Il y a près de dix ans, des dizaines de Marocains sont venus témoigner dans les médias et en public des souffrances qui leur avaient été infligées durant les années de plomb. Sous l’égide de l’Instance équité et réconciliation (IER), instituée par le roi Mohammed VI en janvier 2004, il s’agissait de faire la lumière sur la répression, les disparitions, les tortures et les détentions arbitraires survenues sous le long règne du roi Hassan II, entre son accession au pouvoir en 1956 et sa mort en 1999.
Les auditions des victimes, ouvertes aux journalistes nationaux et étrangers et retransmises par la radio et la télévision, devaient permettre aux victimes et à leurs proches de témoigner devant l’opinion marocaine. Outre l’indemnisation des victimes et de leurs ayants droit (9 000 dossiers au total), l’IER devait imaginer des formes originales de réparation permettant aux anciens détenus de se réinsérer, proposer des mesures pour prévenir les récidives d’atteinte aux droits de l’homme de la part de l’État et des agents de l’ordre public, et jeter les fondements d’un ordre démocratique. Ce travail d’investigation, de recherche, d’évaluation et d’arbitrage a permis de restituer une mémoire occultée et d’entamer un travail d’écriture de l’histoire des années de plomb, qui se poursuit depuis. Il s’agit moins de tourner une page, aussi douloureuse fut-elle, ou de régler des comptes que d’intégrer la dimension répressive de cette période dans l’histoire marocaine.
Plusieurs recommandations de l’IER ont été prises en compte dans le droit positif : réforme des codes des libertés publiques, des procédures pénales, de la famille, de la presse, ainsi que l’organisation des établissements pénitentiaires ; lois sur les partis, l’état civil et l’adoption. Le Parlement a par ailleurs voté une loi sur la lutte contre la torture reprenant les normes internationales en la matière. Elle prévoit des sanctions contre les agents de l’État qui se rendraient coupables de torture ou de mauvais traitement.
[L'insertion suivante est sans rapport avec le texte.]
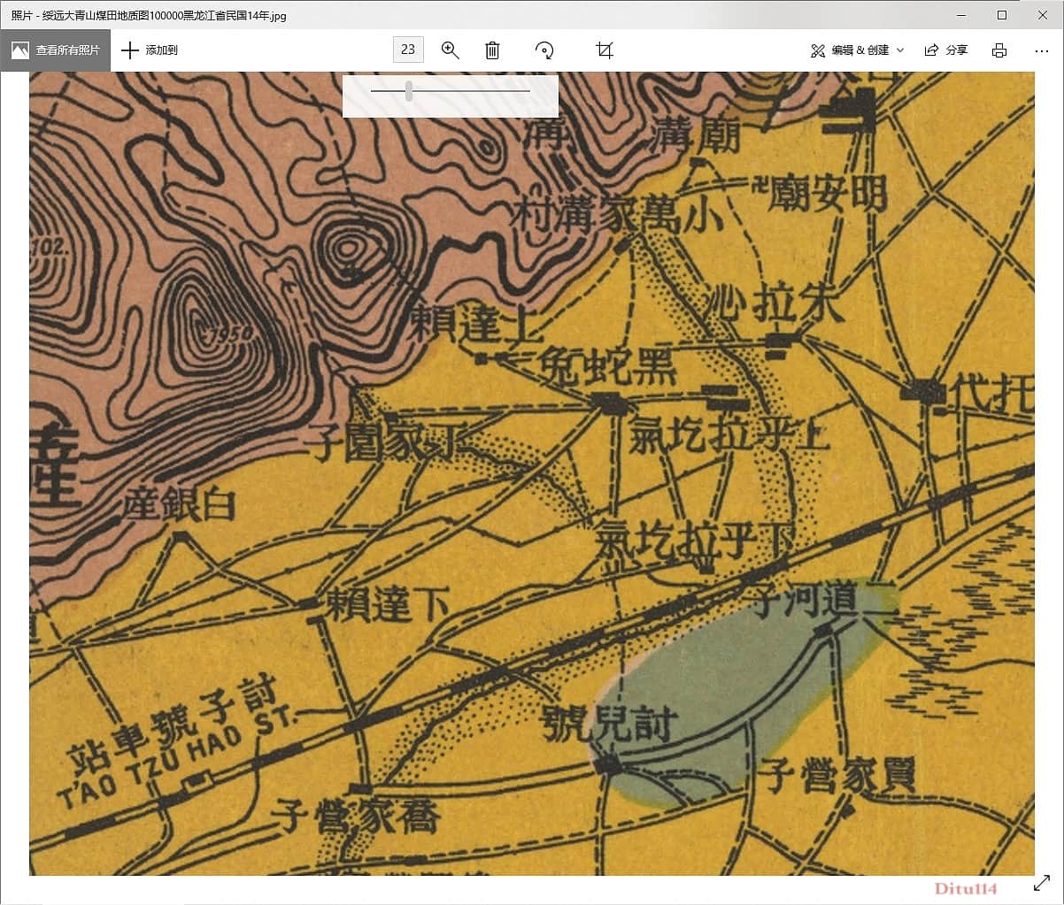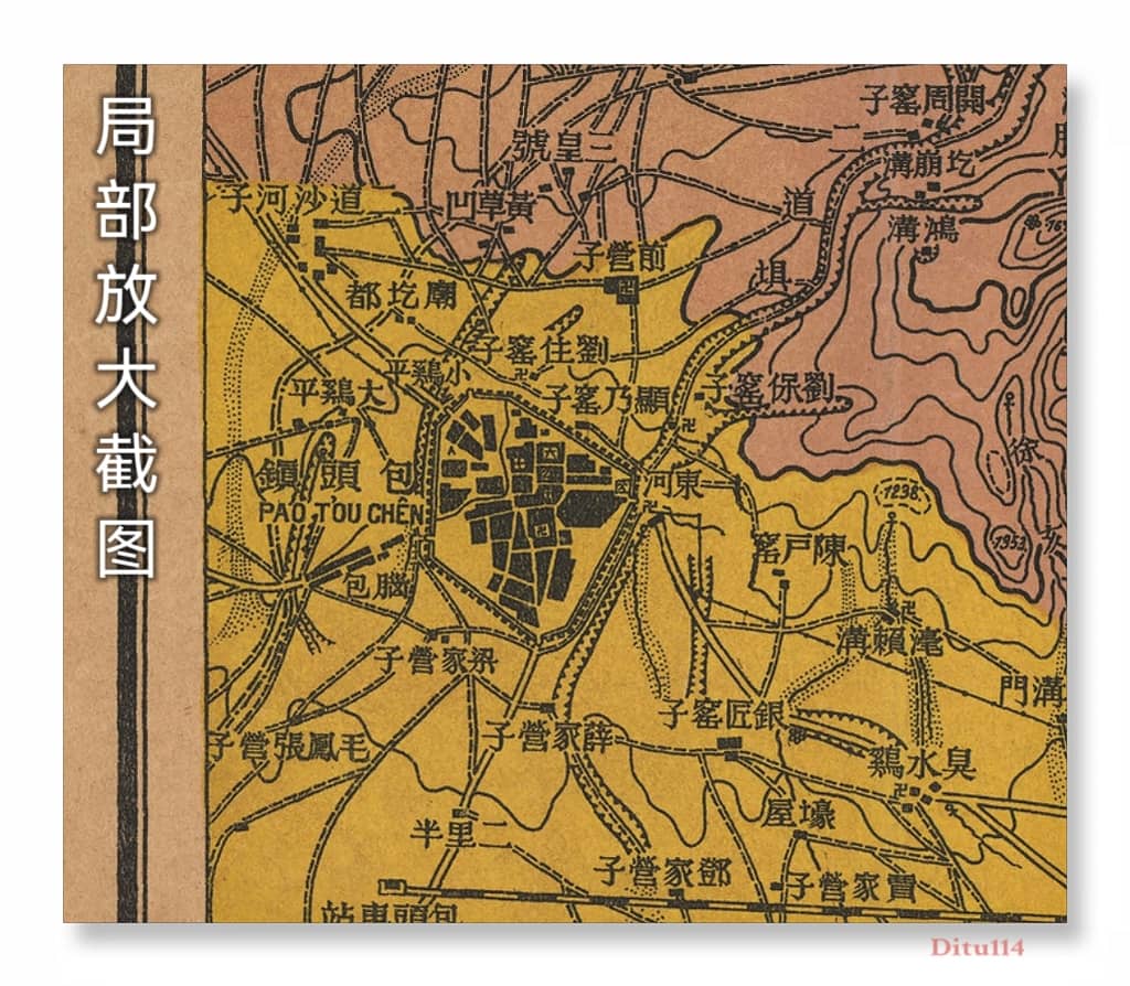 图中包含了丰富的地名信息,如包头镇、子营前等村镇,以及道路、沟渠等脉络,并配有中英文对照注释,全面呈现了区域地质与地理状况。本图提供高清数字化版本,原图尺寸达19001×5592像素,下载大小为46.5MB,适合地质研究、历史考证和地图爱好者下载使用。

Enfin, dans une approche originale, des réparations communautaires (programmes de développement économiques et culturels) ont été prévues en faveur des communautés et des régions et communautés qui estimaient avoir souffert collectivement de la répression.
Cette rupture dans la culture de l’impunité s’est cependant arrêtée au milieu du gué, en raison du refus des autorités de laisser identifier publiquement les responsables des actes incriminés, officiers et fonctionnaires, ou de les poursuivre en justice. Une amnistie générale a en effet été décrétée. Même si elle ne s’est pas accompagnée de procès contre les tortionnaires au service de l’ancien monarque – au risque de voir de nouveau émerger la mémoire historique dans l’espace public comme en Espagne –, la dimension symbolique de la démarche marocaine était importante. Plusieurs pays arabes : Tunisie, Égypte, Libye veulent s’inspirer de cette expérience pour tourner la page noire de leur passé récent et enclencher le cercle vertueux de la démocratie.
L’arrivée des islamistes au pouvoir, à Rabat, n’a pas bouleversé la donne, malgré les inquiétudes qu’elle a suscitées dans la classe politique et parmi les démocrates. Le souverain qui a initié le processus et la société civile qui l’a adopté y veillent.